Items from a data source
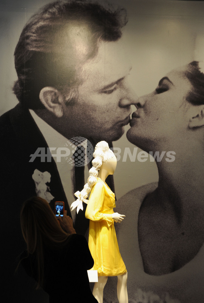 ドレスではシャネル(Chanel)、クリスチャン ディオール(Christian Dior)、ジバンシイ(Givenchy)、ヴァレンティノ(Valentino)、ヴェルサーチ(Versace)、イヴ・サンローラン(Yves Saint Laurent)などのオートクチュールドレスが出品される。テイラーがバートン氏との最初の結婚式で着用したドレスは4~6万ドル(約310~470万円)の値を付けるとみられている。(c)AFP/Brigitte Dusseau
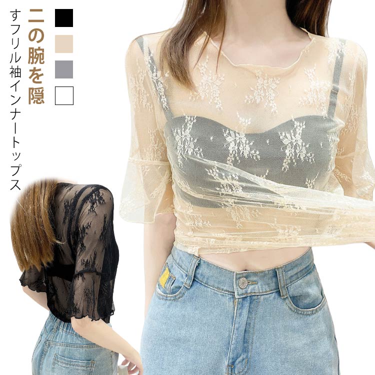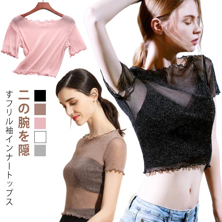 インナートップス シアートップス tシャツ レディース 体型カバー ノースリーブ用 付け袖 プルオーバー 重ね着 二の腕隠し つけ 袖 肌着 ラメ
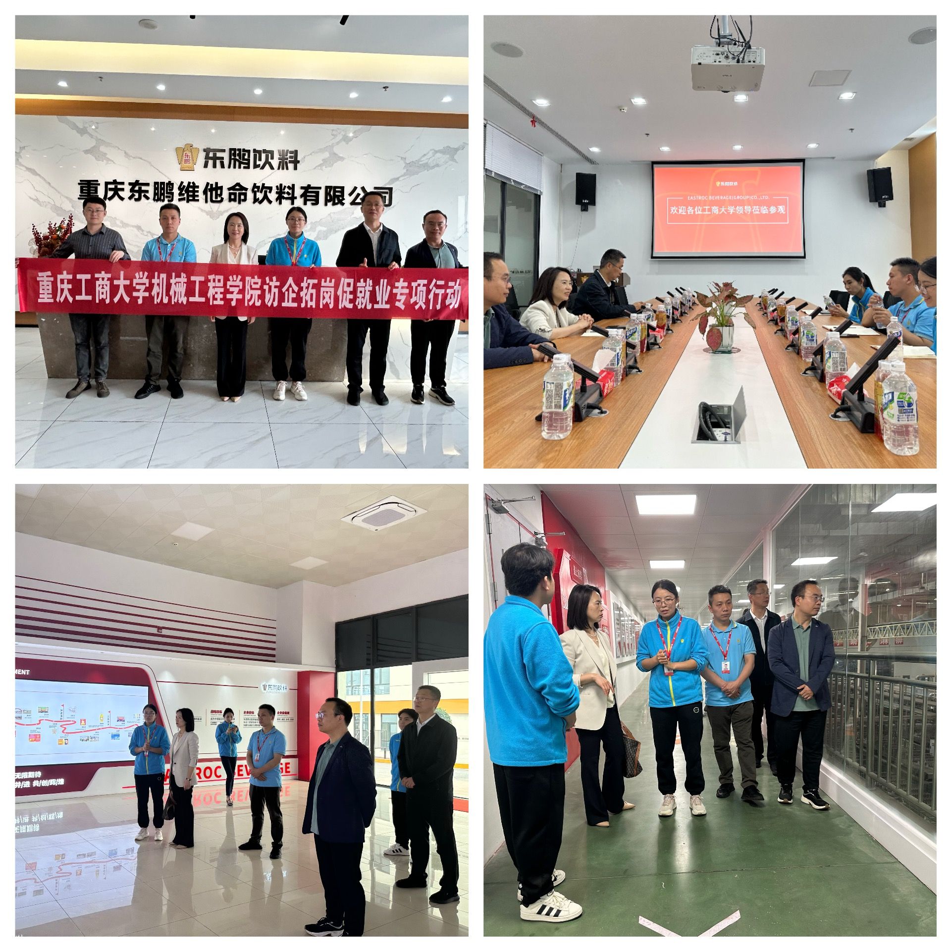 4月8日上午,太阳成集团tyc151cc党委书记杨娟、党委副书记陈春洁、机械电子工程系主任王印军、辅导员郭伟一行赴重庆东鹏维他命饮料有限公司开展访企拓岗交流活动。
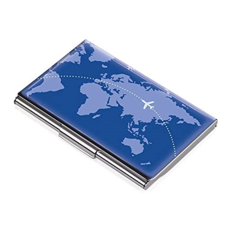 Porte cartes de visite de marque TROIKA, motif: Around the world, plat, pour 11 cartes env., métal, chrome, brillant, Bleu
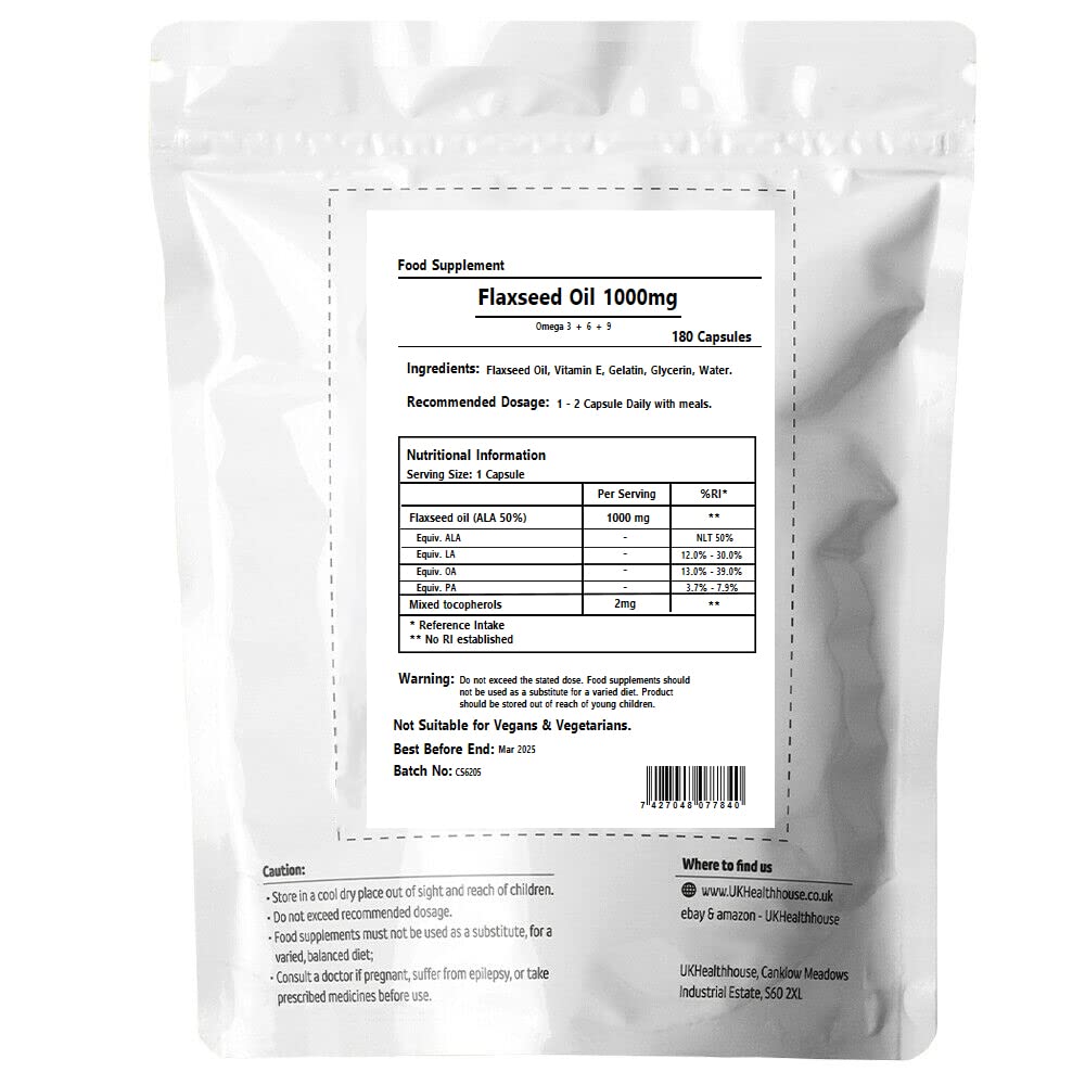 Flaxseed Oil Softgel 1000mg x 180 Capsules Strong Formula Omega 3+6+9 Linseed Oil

◆ **Task directions**
Without including any pictures, reproduce the data exactly.

◆ **Response below**
 ドレスではシャネル(Chanel)、クリスチャン ディオール(Christian Dior)、ジバンシイ(Givenchy)、ヴァレンティノ(Valentino)、ヴェルサーチ(Versace)、イヴ・サンローラン(Yves Saint Laurent)などのオートクチュールドレスが出品される。テイラーがバートン氏との最初の結婚式で着用したドレスは4~6万ドル(約310~470万円)の値を付けるとみられている。(c)AFP/Brigitte Dusseau
 インナートップス シアートップス tシャツ レディース 体型カバー ノースリーブ用 付け袖 プルオーバー 重ね着 二の腕隠し つけ 袖 肌着 ラメ
 4月8日上午,太阳成集团tyc151cc党委书记杨娟、党委副书记陈春洁、机械电子工程系主任王印军、辅导员郭伟一行赴重庆东鹏维他命饮料有限公司开展访企拓岗交流活动。
 Porte cartes de visite de marque TROIKA, motif: Around the world, plat, pour 11 cartes env., métal, chrome, brillant, Bleu
 Flaxseed Oil Softgel 1000mg x 180 Capsules Strong Formula Omega 3+6+9 Linseed Oil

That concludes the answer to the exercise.